I remember when my mom was first diagnosed with ovarian cancer, I honestly (and probably naively) thought that it would turn out to be for the best. My family would have a newfound appreciation for each other. This experience would bring us all closer. It seemed as though my mom would survive, so no harm no foul right?

Well she did not survive and it fucking sucked. That is when I started my on again off again relationship with pessimism. I also became intimately involved with pain, sadness, and grief at that time. Unfortunately, depression tagged along as well and remained with me for years to come.

After my mom died, I trained myself not to cry. How I was able to do this I do not know. But, I repeatedly told myself that there was no point in crying if no one was there to comfort you. Of course, just because my mom had died didn’t mean there was no one there to comfort me. I still had my two older brothers and my dad. But, that’s besides the point, and it also wasn’t the same. They weren’t my mom.

It took me years and years to be able to cry again. For those of you reading this – I do not recommend this at all! Crying is healthy!! It does not make you weak. It can be cathartic. It is a healthy way of releasing your emotions. Go watch a sad movie and cry!
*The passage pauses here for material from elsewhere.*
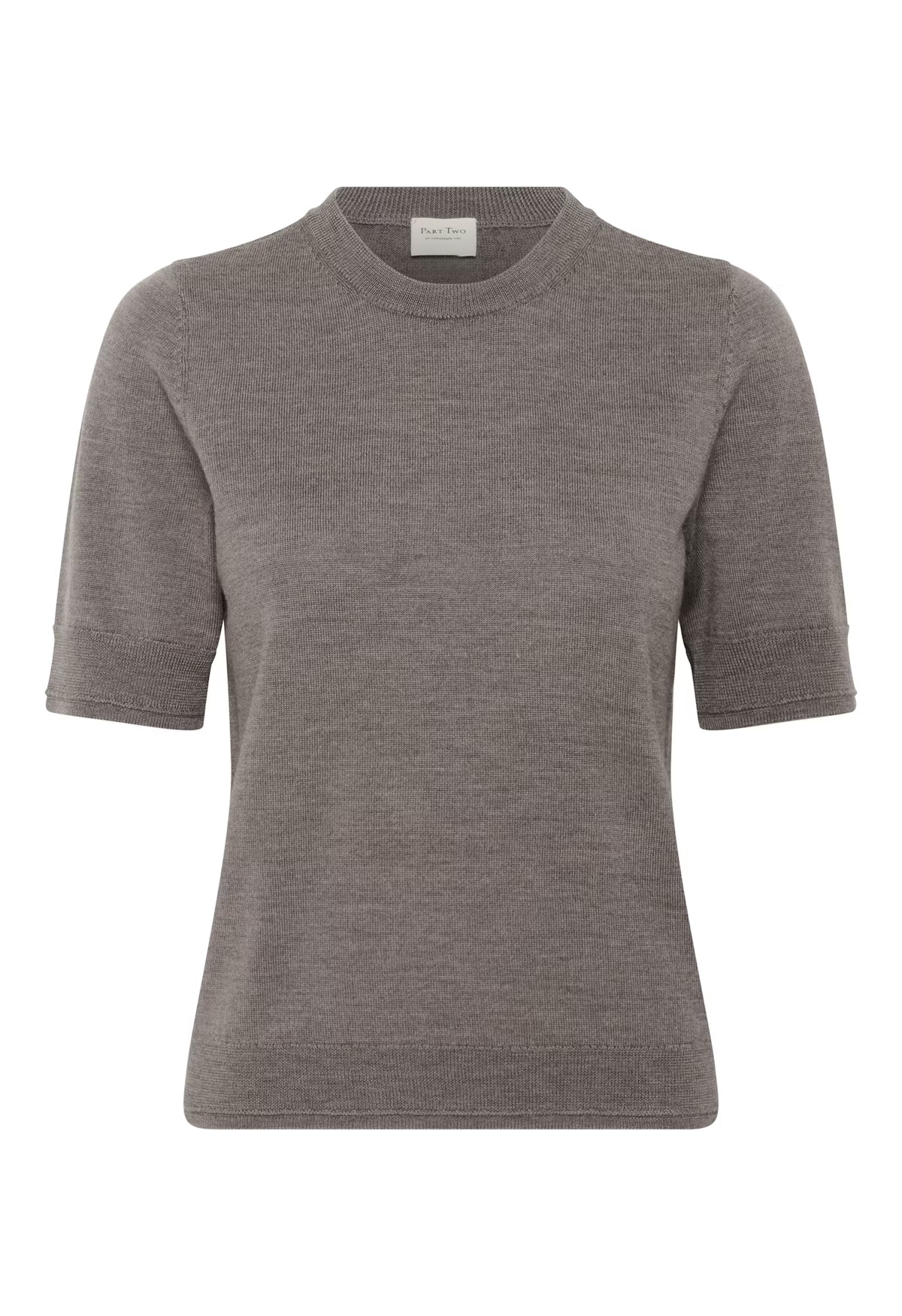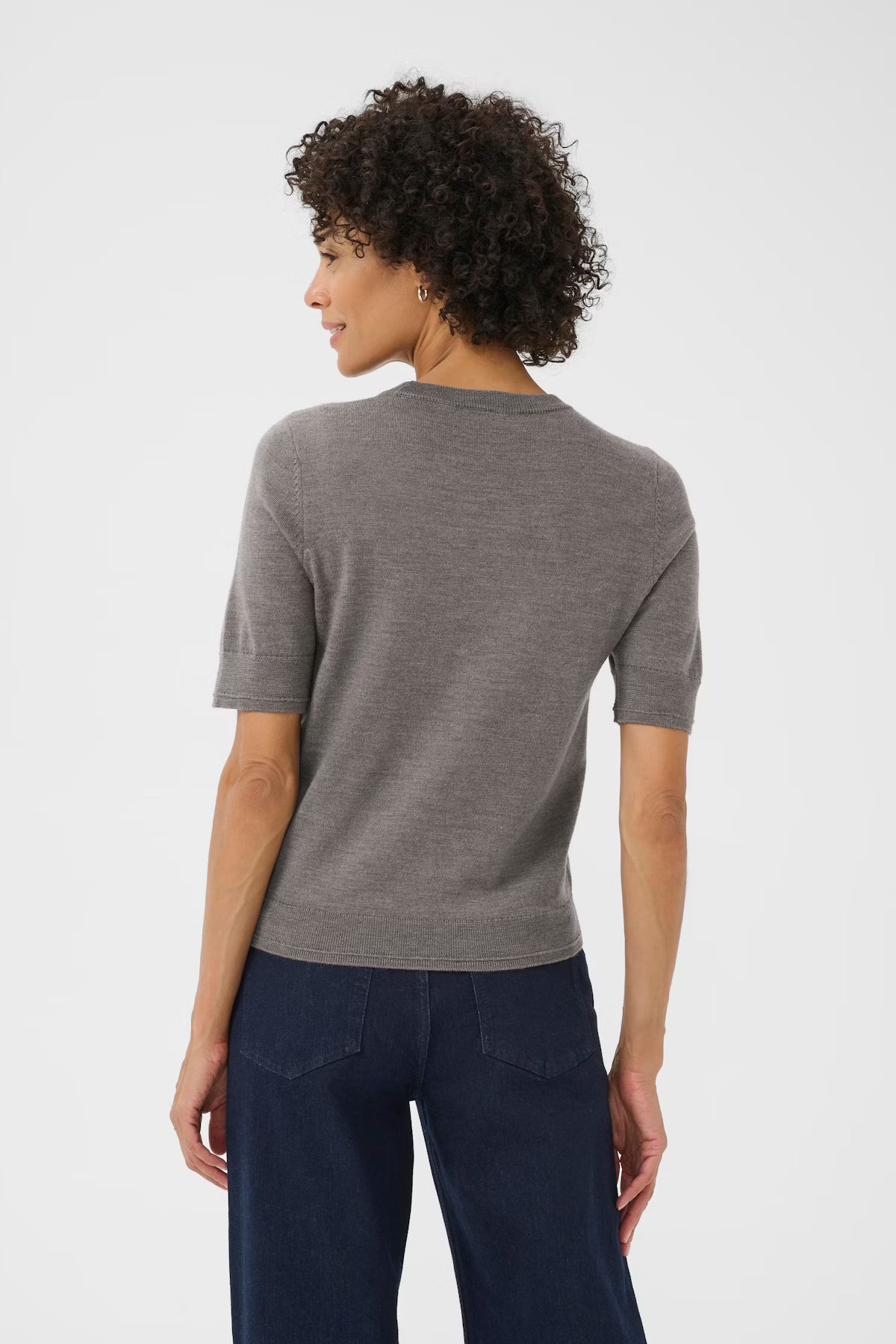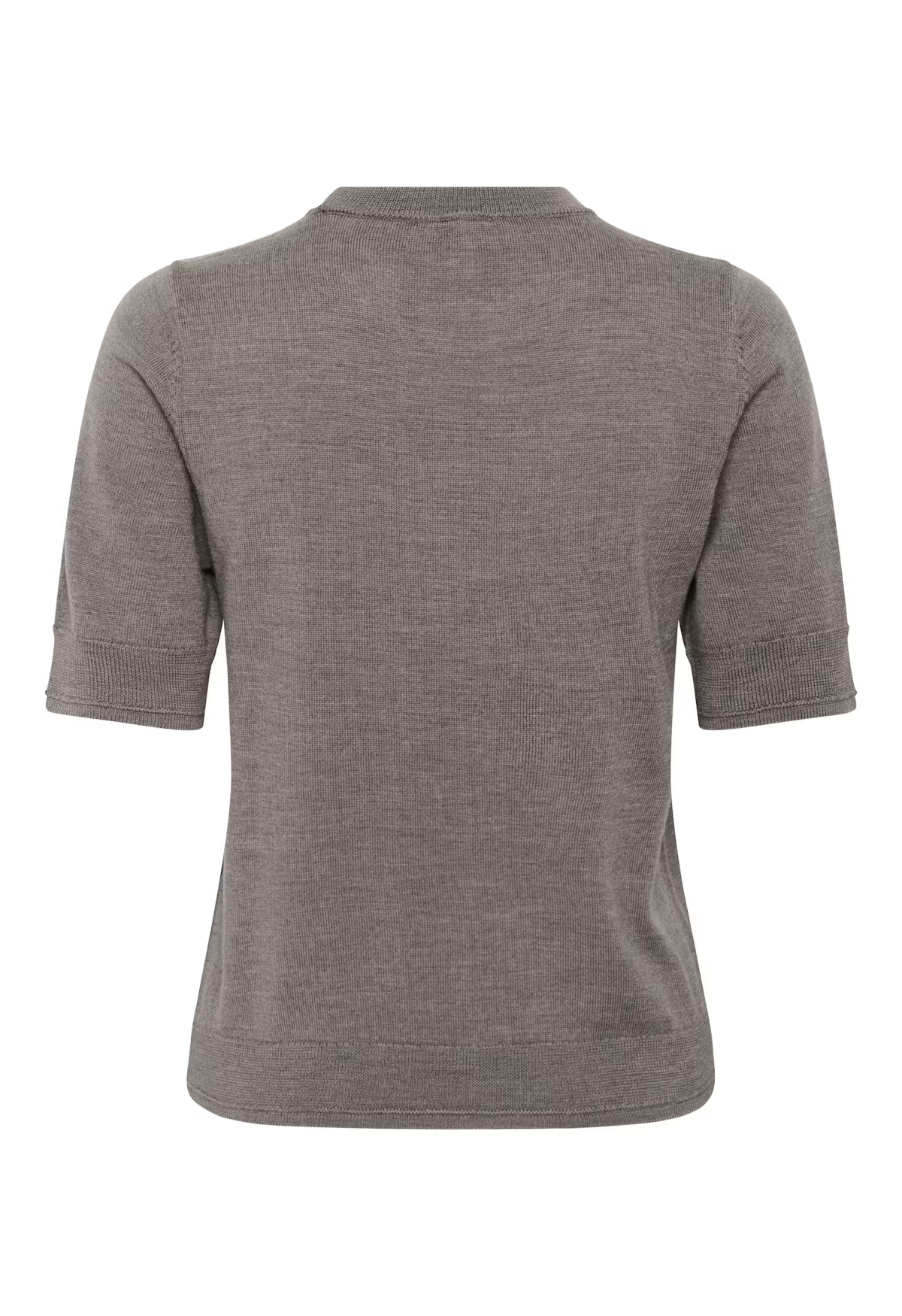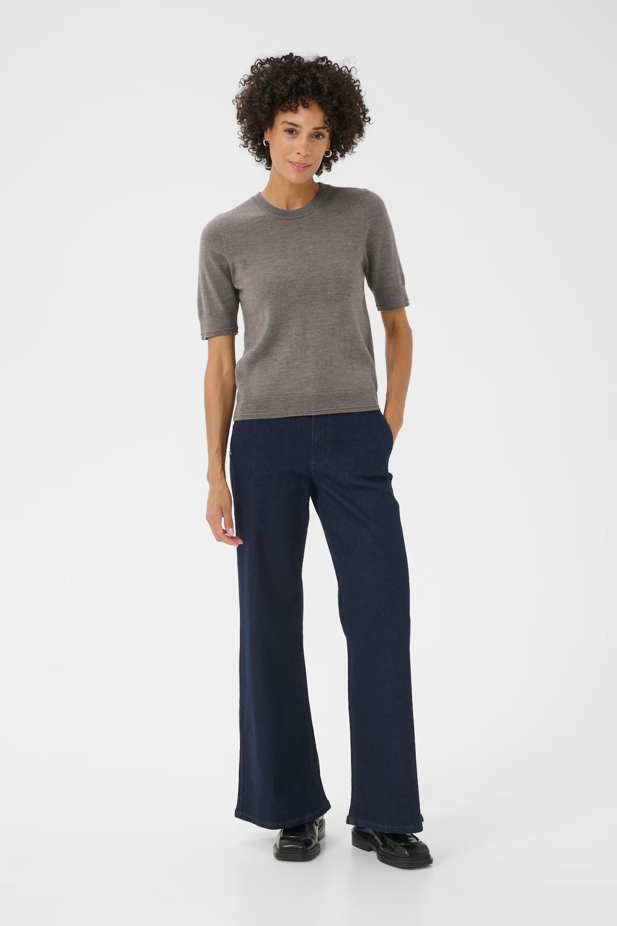 Le mannequin mesure 1,77 m et porte une taille M. Ce haut en maille à manches courtes en fine laine mérinos présente une encolure ras du cou et une coupe droite intemporelle. Les bords-côtes aux manches et à l'ourlet ajoutent une touche classique. Portez-le seul ou sous un blazer ; il est idéal pour le travail comme pour les loisirs.

My go to movie for when I need a good cry is Life as a House with Kevin Kline and Hayden Christensen. Even if you don’t need or want a good cry it is an amazing movie and you all should watch it! I highly recommend it!

But again, I digress. One might think that being diagnosed with cancer at such a young age would make me pretty angry. I mean, yeah, part of me is pissed off. But for the most part I just feel this overwhelming sense of clarity and gratitude.

There is something eye-opening about being reminded of your mortality; of having this awareness of your fragility that makes you appreciate life more. Or at least that is how it has been for me.

I feel like I just get it now. I get what is important. Love is important.

I love my life. I love my family. I love my village of people that I am fortunate enough to be surrounded by. I love all of you for reading this blog and bearing witness to this journey that is my life.

I get that I still have so much to be grateful for. I don’t have to worry about where my next meal will come from or where I will sleep at night. I know that I am safe in my day to day life. I don’t even have to go to work for all of this! My husband goes to work and I get to stay at home with my baby boy all day.

Plus, I reluctantly am still optimistic. It would probably be easier if I wasn’t. My heart sinks every time I get bad news regarding my diagnosis/prognosis. But, I honestly just can’t help but feel hopeful.

I think it will be fine. And, even if it isn’t fine and I die, I honestly think it will still be okay. I don’t know. I just do. As my wise older brother says, it’s all just carbon anyways.

As I write this, I realize now that maybe I am not too reluctant about eternally being optimistic. But, it is too good of a title for a blog, so I’m not going to change it now!

That’s it for now dear readers. I’m going to go enjoy the rest of my evening. I hope you all reading this enjoy the rest of your day as well. As always, love and light to you all.

Now that I am done with my course of prednisone, I will probably be posting more sporadically. My goal is to still do at least one post a week, but if you want to know when I post a new entry please add yourself to get email updates for this. Also, I seem to be reaching my new equilibrium with my new medication – the extreme exhaustion I wrote about last week seemed to be more from a crash that resulted from finishing my prednisone taper than from my new medication. Yay! The aches and pains I have been having have seemed to subside as well. But, you could all probably tell I’m feeling better by the tone of this blog entry! More love and light to you all!